The walls have nine gates and enclose 19 gardens and 640 rooms. In its present form, almost all of the structures are organized in the siheyuan style, with most buildings opening onto enclosed and interconnected courtyards.

The Shideyuan (Note: Also known as the "Shide Courtyard".) (世德院, Shìdéyuàn; 1505 x 1521) encloses three lofty rooms on the hilltop, now at the southeast corner of the "inner city". It was the site of Chen Tingjing's birth in 1638. The yard to its rear is flanked to the north by the Zhongyi and to the south by the Yongkun. Both are composed of a three-story main building with two-story wing buildings extending forward at each side.

Rongshan's House (容山公府, Róngshān Gōngfǔ; c. 1544) was the home of Chen Tianyou (styled "Rongshan"), the first member of the family to pass the imperial examinations and become a mandarin. He began to serve under the Jiajing Emperor, eventually reaching the rank of vice-inspector for Shaanxi.

The Clan Temple (Note: Also known as the "Chen Ancestral Hall" and the "Patriarch Temple".) (t 陳氏宗祠, s 陈氏宗祠, Chénshì Zōngcí; 1521 x 1567) is the Chen's ancestral shrine, placed on the central axis of the estate, with a worshipping hall in the front and a hall of celebrated ancestors in the back.

The Tower of Rivers and Mountains (Note: Also known as the "Heshan Tower".) (t 河山樓, s 河山楼, Héshānlóu; 1632) was a defensive structure used to protect the family and its attendants during periods of unrest and war. Counting the basement, it has seven stories, totaling ten zhang (about 30 m or 100 ft). The entrance is located on the second floor and is accessed only by a bridge to another level of the complex. The base is 3 zhangs, 4 chi wide (kaijian) by 2 zhangs, 4 chi long (jinshen). Its basement accesses multiple secret tunnels; it also includes a well and room for food stores to wait out longer sieges. It was completed in a span of seven months and supposedly proved its worth shortly after construction, when locals easily weathered a raid that devastated the neighboring village of Guoyu.

The Villa of the Golden Mean (Note: Also known as the "Zhongdao Villa".) (t 中道莊, s 中道庄, Zhōngdàozhuāng; 1642) (Note: The English article on the villa gives the mistaken date "1429".) was Chen Tingjing's primary residence.

The House of the Academician (t 大學士第, s 大学士第, Dàxuéshì Dì) or Chancellor (Note: Also known as the "House of the Grand Scholar", "Grand Secretary", or "Minister of Personnel".) (相府院, Xiāngfǔyuàn; 1644–1703) is a complete household with gardens, a hall, a study, bedrooms, and servant quarters.
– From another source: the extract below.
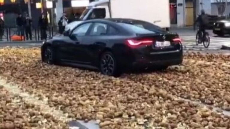 Kiömlött a krumpli az utcára, a vagánykodó BMW-s azt hitte, ez nem lehet akadály számára + videó

It was visited by the Kangxi Emperor twice, and he wrote a plaque in its honor.

The Studying Rooms (Note: Also known as the "South Academy".) (t 南書院, s 南书院, Nánshūyuàn; 1651) are a courtyard and adjacent classrooms used for centuries by tutors to educate the younger members of the family.
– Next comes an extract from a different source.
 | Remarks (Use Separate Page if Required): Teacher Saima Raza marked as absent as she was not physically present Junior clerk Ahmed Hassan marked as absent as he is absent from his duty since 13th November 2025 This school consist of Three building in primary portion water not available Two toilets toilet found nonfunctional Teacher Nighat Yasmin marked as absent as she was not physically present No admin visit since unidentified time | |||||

The Zhiyuan Garden (t 止園, s 止园, Zhǐyuán; 1661) is the biggest garden in the estate, covering 1.1 ha. (Note: The English article mistakenly identifies the Zhiyuan Garden as the West Garden.)

The Stone Portal (石牌坊, Shípáifāng; 1699) is a paifang that was erected while Chen Tingjing was the imperial Minister of Personnel. It is decorated with panels detailing the accomplishments of the Chens over the preceding five generations. A plaque by the Kangxi Emperor reads "Nine winners of the state examination within one family full of virtues and good deeds, and six academicians throughout three generations bearing the favor and trust of the Emperor".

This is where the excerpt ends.